Dataset content ▸
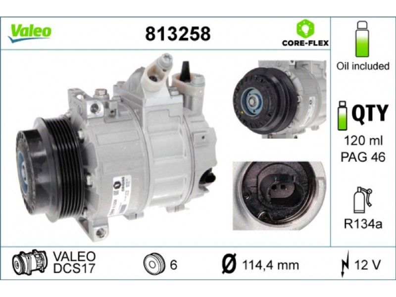 Criteries : ID συμπιεστή DCS17, Αριθμός κυλίνδρων R 134a, Βάρος [kg] 5,45, Διάμ. τροχαλίας ιμάντα [mm] 114, Λάδι συμπιεστή PAG 46, Νέο εξάρτημα , Περιορισμός κατασκευαστή VALEO, Πλήθος εγκοπών 6, Συμπληρωματικό προϊόν/ πληροφορίες 2 με λάδι συμπιεστή PAG, Τάση [V] 12, Χωρητικότητα λαδιού [ml] 120
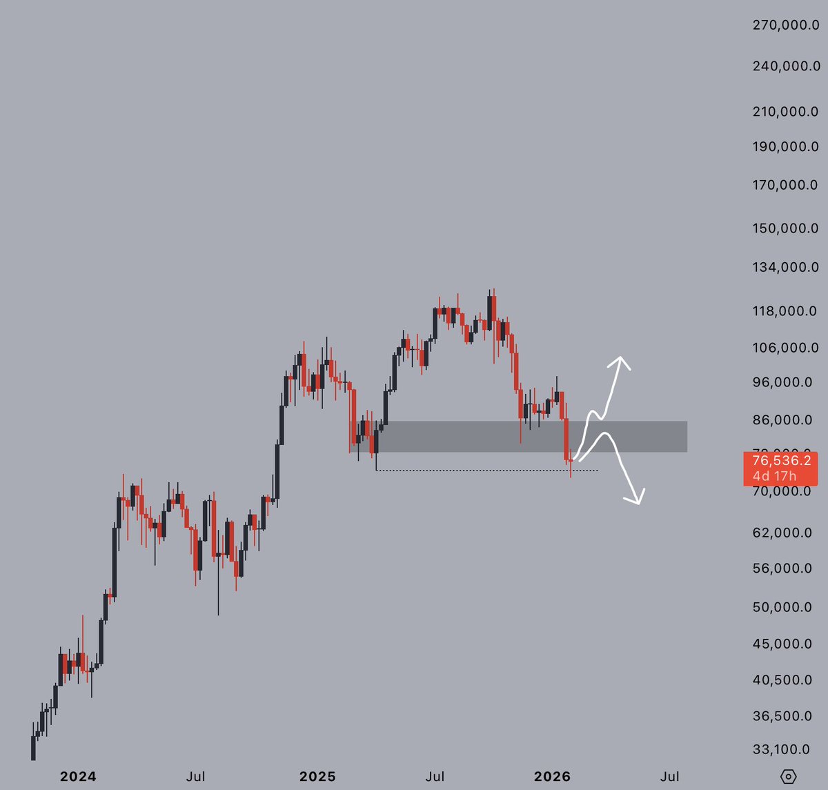 Wick those 2025 lows and $BTC gets to have some more fun, if we just bleed through them we're likely going for extended hibernation.
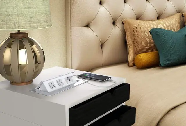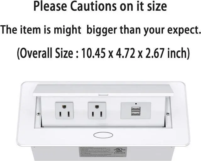 Pop-up Power Strip: High quality and look professional elegant. when installed in a meeting or conference table. The pop-up feature allows you to utilize all of the desk space when the outlets are not. Recessed PowerStripSimply press to click open, then press down to hide away nearly flush with the surface when not in use. Easily mounts to any surface and is ideal for shared workstations, conference tables, and community charging stations.
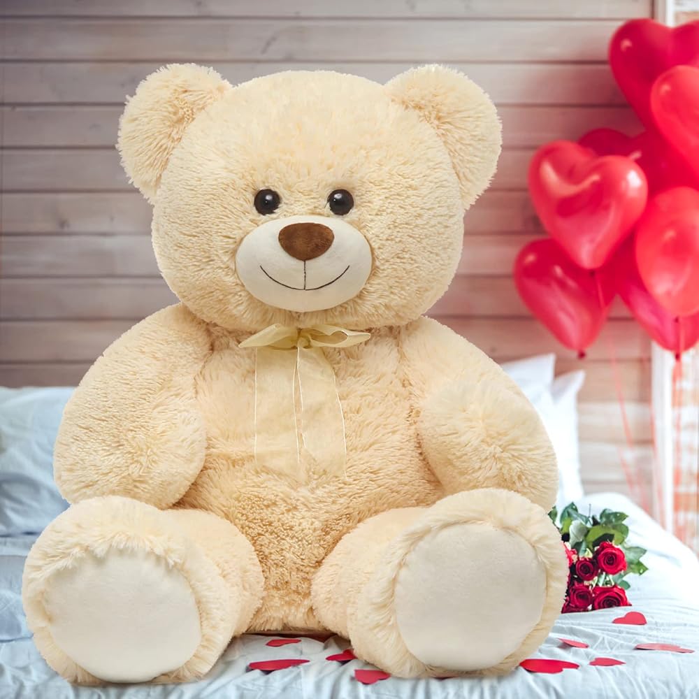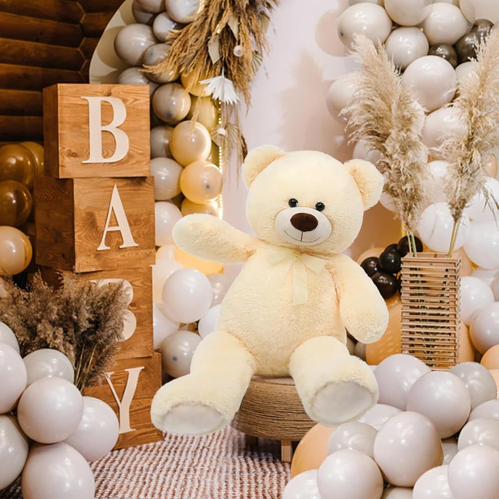 موريسموس العملاق تيدي بير محشوة الحيوان 3ft، 36in كبير تيدي بير، دمية دب كبيرة لديكور استحمام الطفل، لعبة الدب المحشو الناعمة للطفل عيد ميلاد عيد الميلاد صديقة هدية عيد الحب، بيج / كريم

Try it ▸ Exact transcription of the full listing above is required; images do not belong in it.

Task answer ▸
 Criteries : ID συμπιεστή DCS17, Αριθμός κυλίνδρων R 134a, Βάρος [kg] 5,45, Διάμ. τροχαλίας ιμάντα [mm] 114, Λάδι συμπιεστή PAG 46, Νέο εξάρτημα , Περιορισμός κατασκευαστή VALEO, Πλήθος εγκοπών 6, Συμπληρωματικό προϊόν/ πληροφορίες 2 με λάδι συμπιεστή PAG, Τάση [V] 12, Χωρητικότητα λαδιού [ml] 120
 Wick those 2025 lows and $BTC gets to have some more fun, if we just bleed through them we're likely going for extended hibernation.
 Pop-up Power Strip: High quality and look professional elegant. when installed in a meeting or conference table. The pop-up feature allows you to utilize all of the desk space when the outlets are not. Recessed PowerStripSimply press to click open, then press down to hide away nearly flush with the surface when not in use. Easily mounts to any surface and is ideal for shared workstations, conference tables, and community charging stations.
 موريسموس العملاق تيدي بير محشوة الحيوان 3ft، 36in كبير تيدي بير، دمية دب كبيرة لديكور استحمام الطفل، لعبة الدب المحشو الناعمة للطفل عيد ميلاد عيد الميلاد صديقة هدية عيد الحب، بيج / كريم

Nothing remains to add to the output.